- _GIVEN RECORDS_
================================

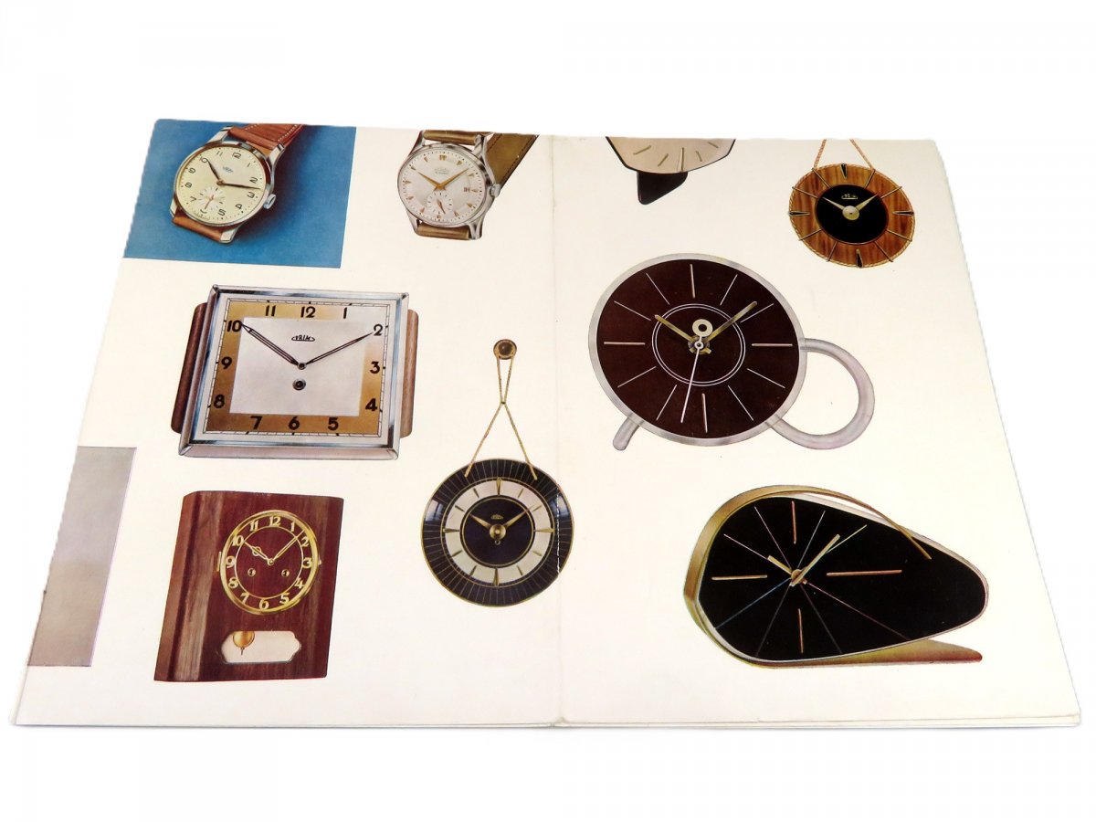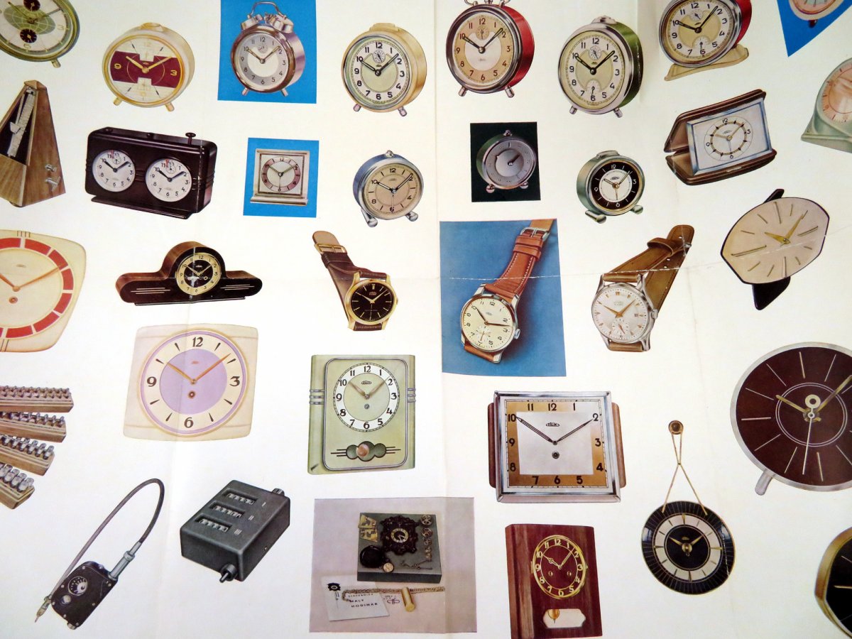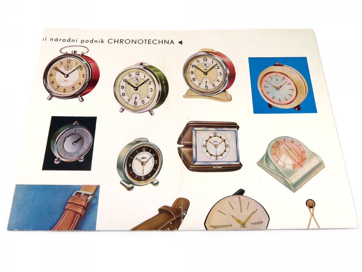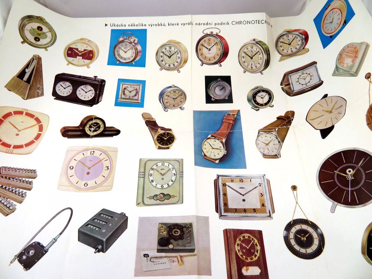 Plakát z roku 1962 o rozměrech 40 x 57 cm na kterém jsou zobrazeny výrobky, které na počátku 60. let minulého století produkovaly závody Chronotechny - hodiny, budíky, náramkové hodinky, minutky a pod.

================================

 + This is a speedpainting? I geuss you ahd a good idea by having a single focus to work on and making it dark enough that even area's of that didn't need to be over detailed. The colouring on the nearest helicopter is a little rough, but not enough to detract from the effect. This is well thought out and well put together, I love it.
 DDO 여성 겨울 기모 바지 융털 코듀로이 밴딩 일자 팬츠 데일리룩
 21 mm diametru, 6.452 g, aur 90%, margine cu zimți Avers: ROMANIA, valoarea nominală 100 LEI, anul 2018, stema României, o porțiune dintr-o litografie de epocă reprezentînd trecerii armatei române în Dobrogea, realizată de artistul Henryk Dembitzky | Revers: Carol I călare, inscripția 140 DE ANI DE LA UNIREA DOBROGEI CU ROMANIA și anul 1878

================================

- _PROBLEM DETAILS_
In the listing above, find the line containing "DDO 여성 겨울 기모 바지 융털 코듀로이 밴딩 일자 팬츠 데일리룩" and the line containing "21 mm diametru, 6.452". Output them and every line between, exactly, and nothing else.

- _WRITTEN RESPONSE_
 DDO 여성 겨울 기모 바지 융털 코듀로이 밴딩 일자 팬츠 데일리룩
 21 mm diametru, 6.452 g, aur 90%, margine cu zimți Avers: ROMANIA, valoarea nominală 100 LEI, anul 2018, stema României, o porțiune dintr-o litografie de epocă reprezentînd trecerii armatei române în Dobrogea, realizată de artistul Henryk Dembitzky | Revers: Carol I călare, inscripția 140 DE ANI DE LA UNIREA DOBROGEI CU ROMANIA și anul 1878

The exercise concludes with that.